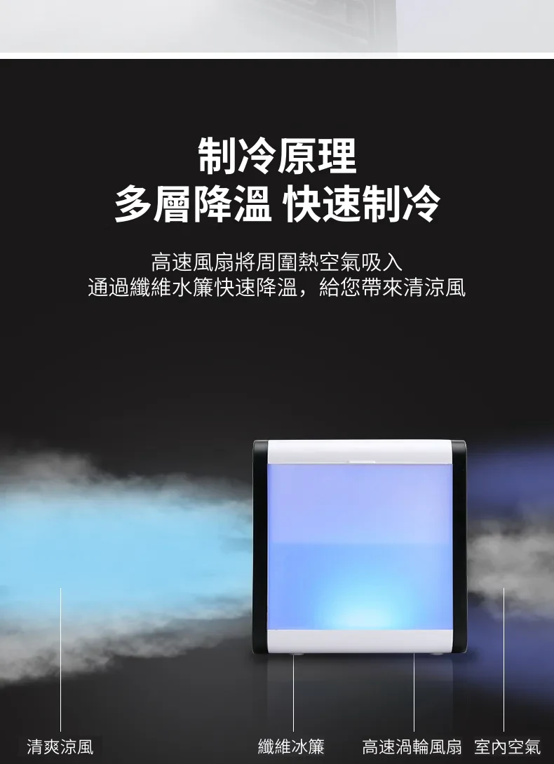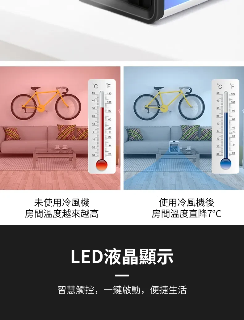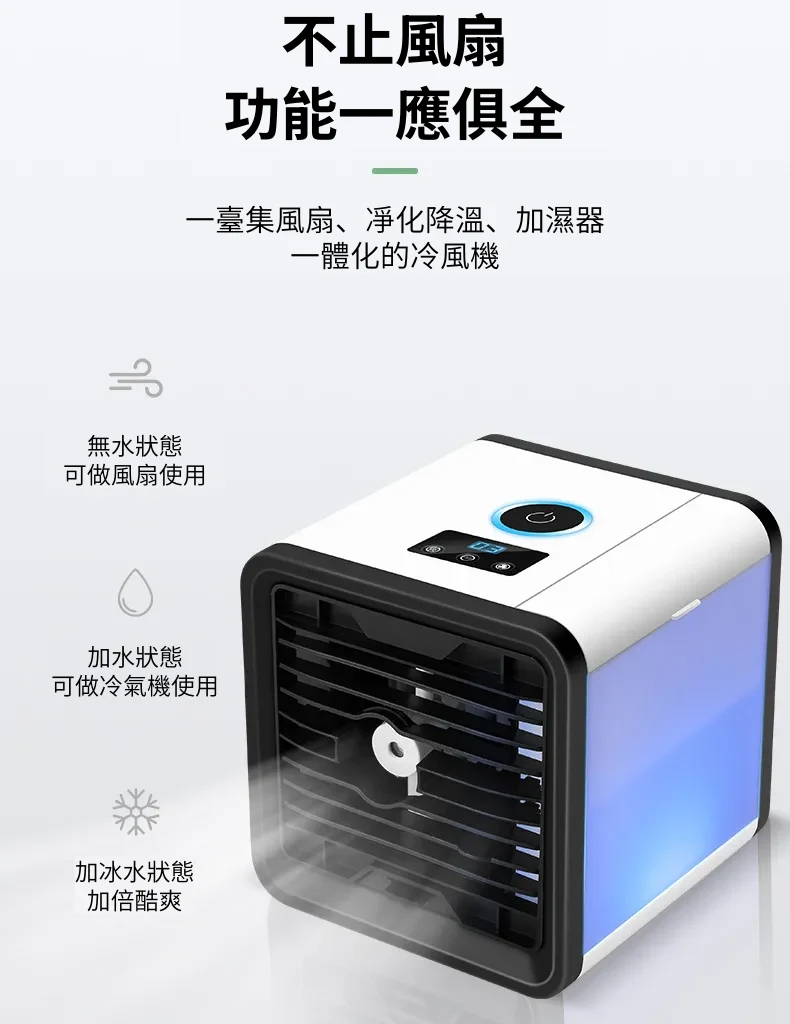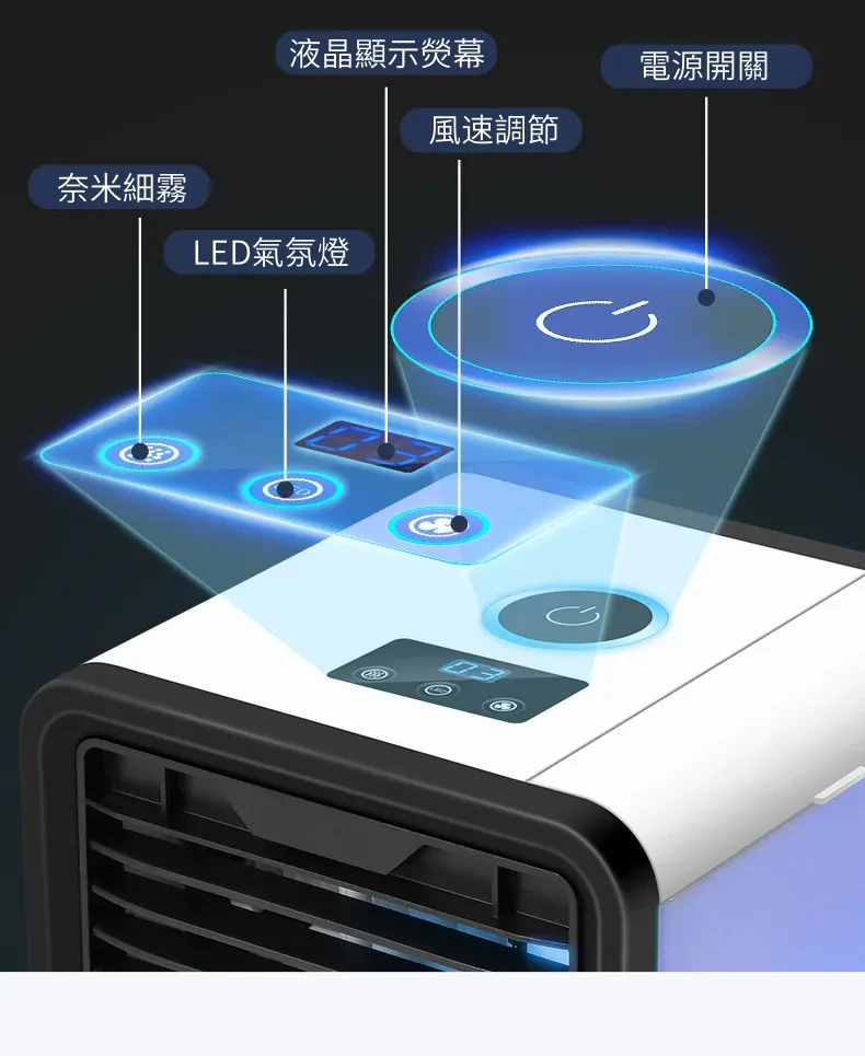 涼風勁爽迷你水冷空調扇冷氣機 | 渦輪增壓奈米冰霧 | 廣域送風三檔調速 | LED液晶觸控 | 七色氣氛夜燈 | 高級桌式個人水冷空調扇冷氣機
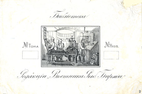 Keskel vaade trükikoja interjöörile kolme inimfiguuriga, ülal keskel tekst: Библiотека all: Редакцiй Вестника Рыб. Биржи. vasakul: № ТОМА paremal: № Назв
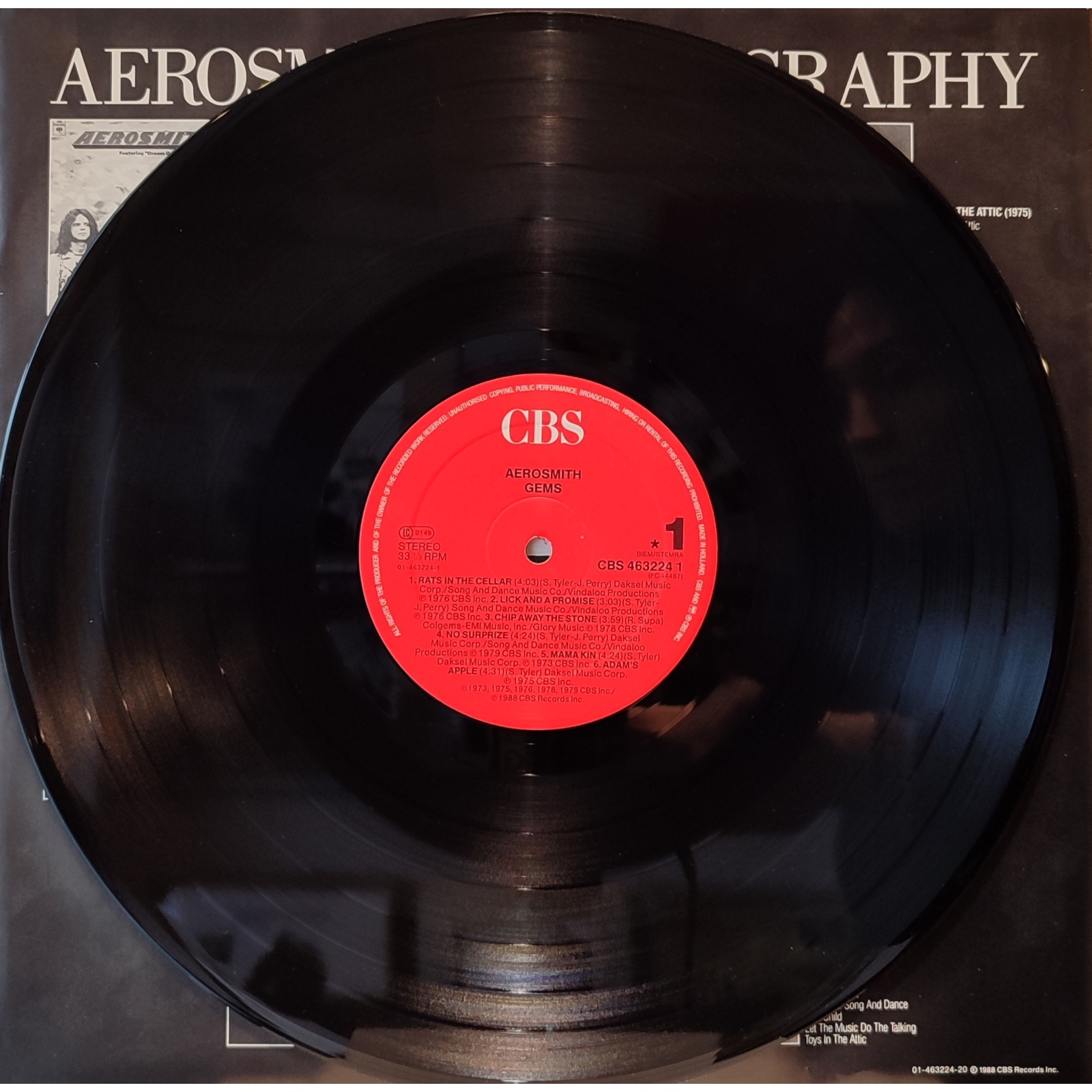 Prima edizione olandese, in vinile di seconda mano, della seconda raccolta del gruppo hard rock statunitense Aerosmith,"Gems".

-=-=-=-=-

* _Task goal_
Reprint the listing above verbatim but drop the images.

* _Answer for the task_
 涼風勁爽迷你水冷空調扇冷氣機 | 渦輪增壓奈米冰霧 | 廣域送風三檔調速 | LED液晶觸控 | 七色氣氛夜燈 | 高級桌式個人水冷空調扇冷氣機
 Keskel vaade trükikoja interjöörile kolme inimfiguuriga, ülal keskel tekst: Библiотека all: Редакцiй Вестника Рыб. Биржи. vasakul: № ТОМА paremal: № Назв
 Prima edizione olandese, in vinile di seconda mano, della seconda raccolta del gruppo hard rock statunitense Aerosmith,"Gems".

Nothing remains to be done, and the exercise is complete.